--- EXERCISE REQUIREMENTS ---
Copy, word for word, the opening line of the data and each line after it until the line that contains "Такого цыплёнка я", which is included. Leave the pictures out.

--- COLLECTED MATERIAL ---
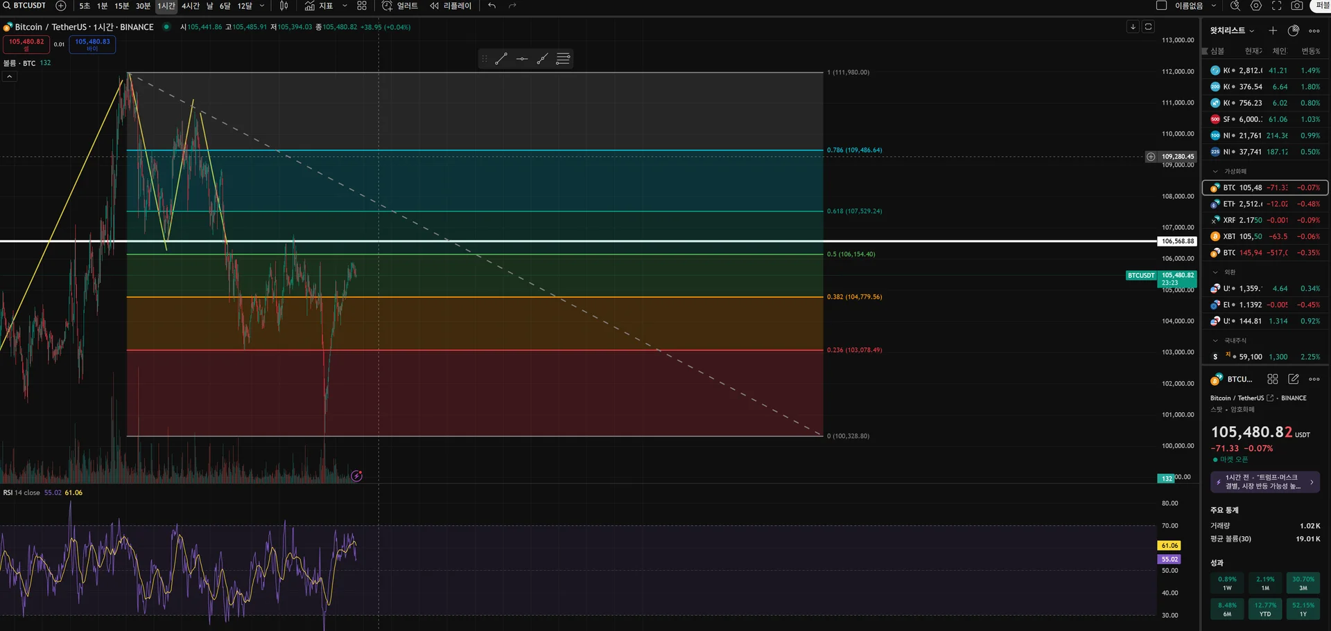 매매근거 : 더블탑패턴이라 판단했습니다. 106744 라인이 넥라인으로 하락추세를 이어가다 이후 리테스트가 나왔습니다
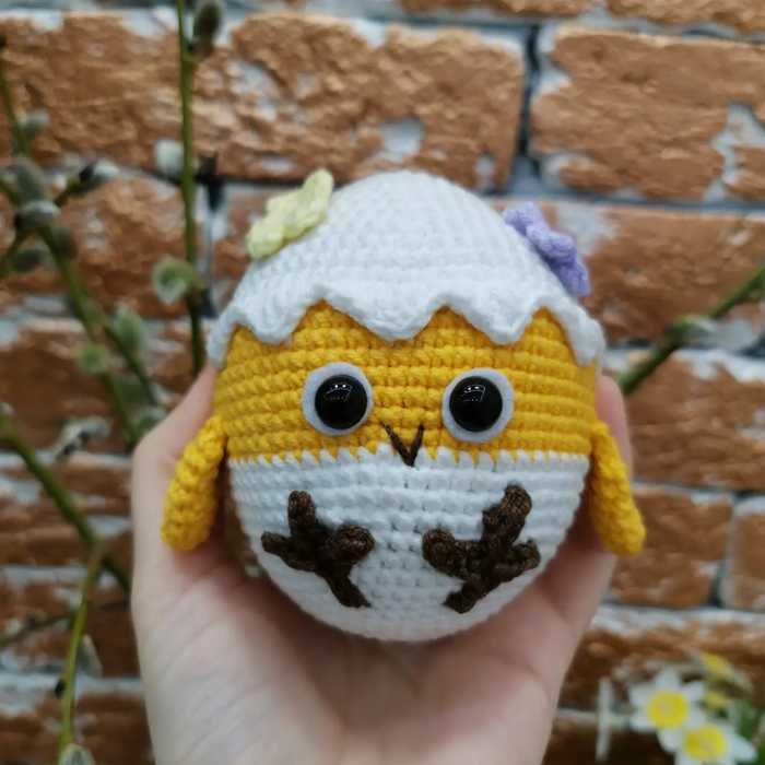 Такого цыплёнка я связала из пряжи Джинс, крючком 2.
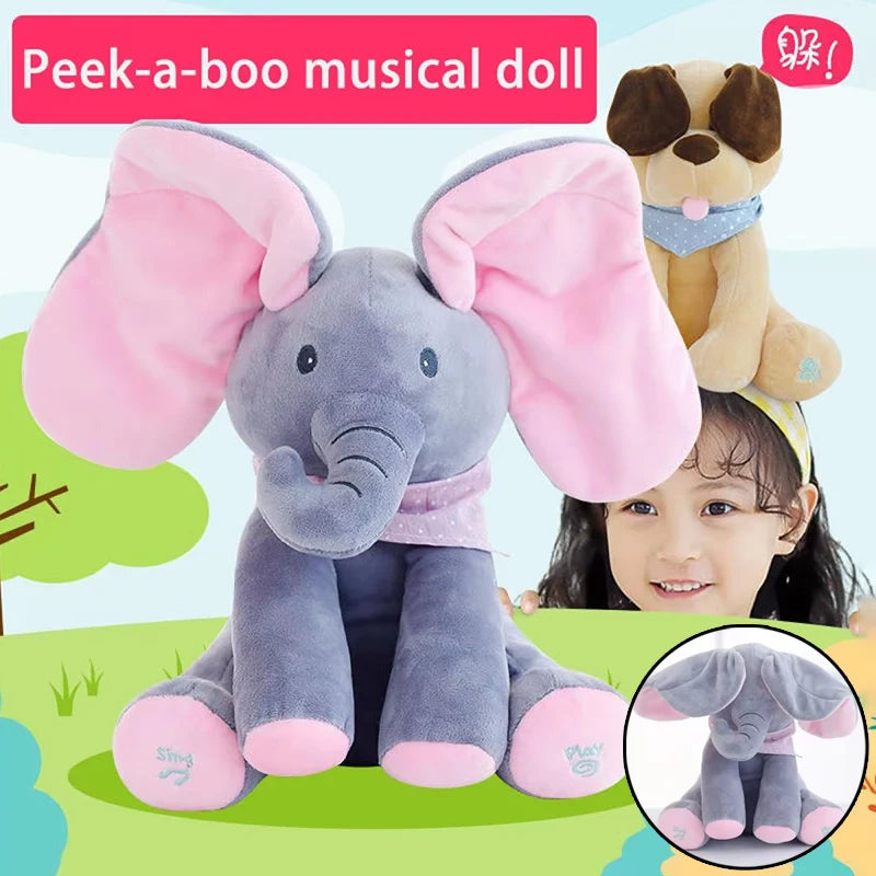 Introduce your child to a world of interactive fun and sensory development with the Peek-A-Boo Elephant Singing Musical Baby Plush Toy. This charming 30cm stuffed elephant is designed to engage and entertain, making it an ideal gift for newborns and toddlers.
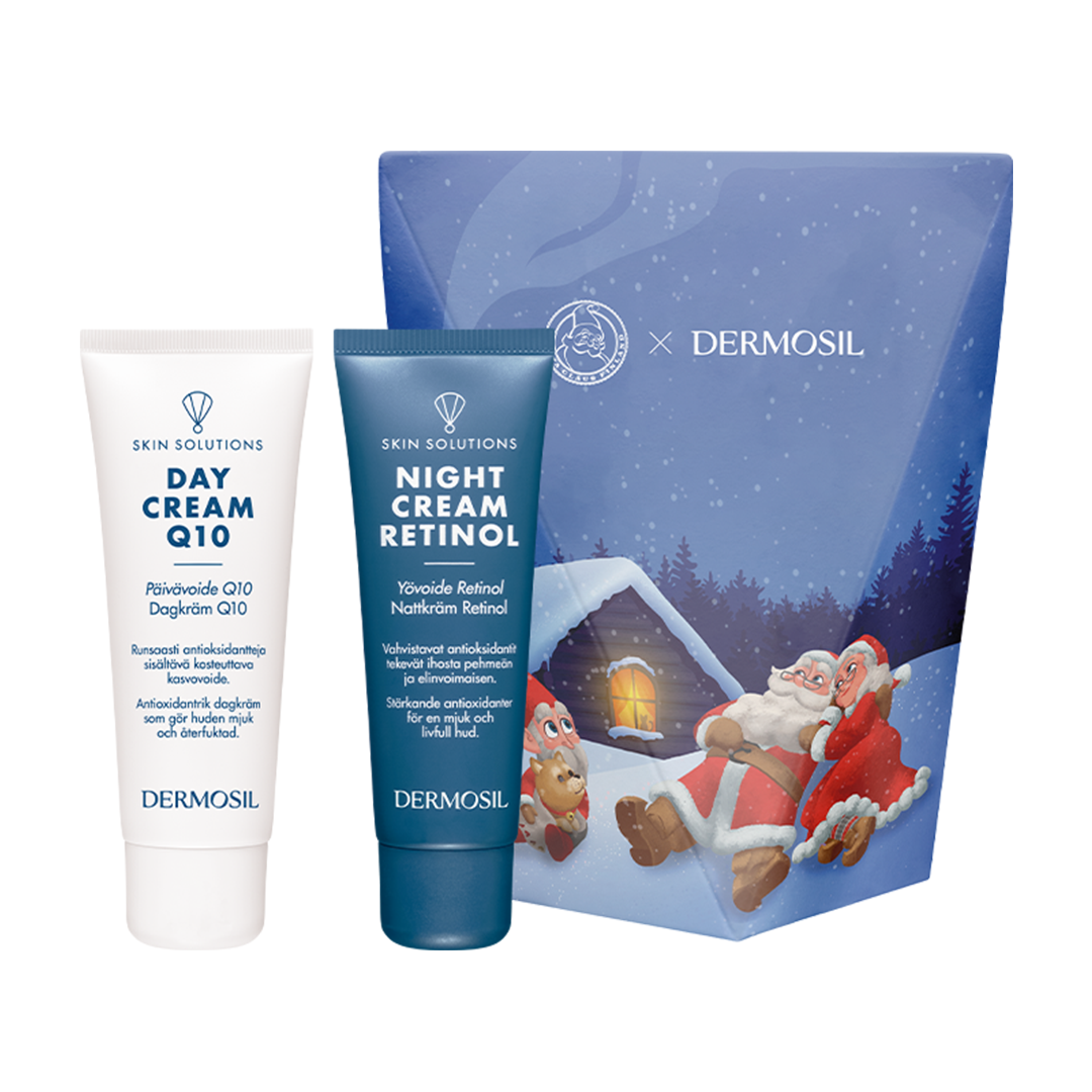 Kingi naha kaitsmiseks ja niisutamiseks, vananemisilmingute ennetamiseks ning naha elastsuse ja sära kindlustamiseks meie tootevaliku armastatud kreemiduo. Kinkekomplekt Päevakreem Q10 ja Öökreem Retinol sobib ideaalselt normaalsele ja kuivale nahale.

--- EXPECTED ANSWER ---
 매매근거 : 더블탑패턴이라 판단했습니다. 106744 라인이 넥라인으로 하락추세를 이어가다 이후 리테스트가 나왔습니다
 Такого цыплёнка я связала из пряжи Джинс, крючком 2.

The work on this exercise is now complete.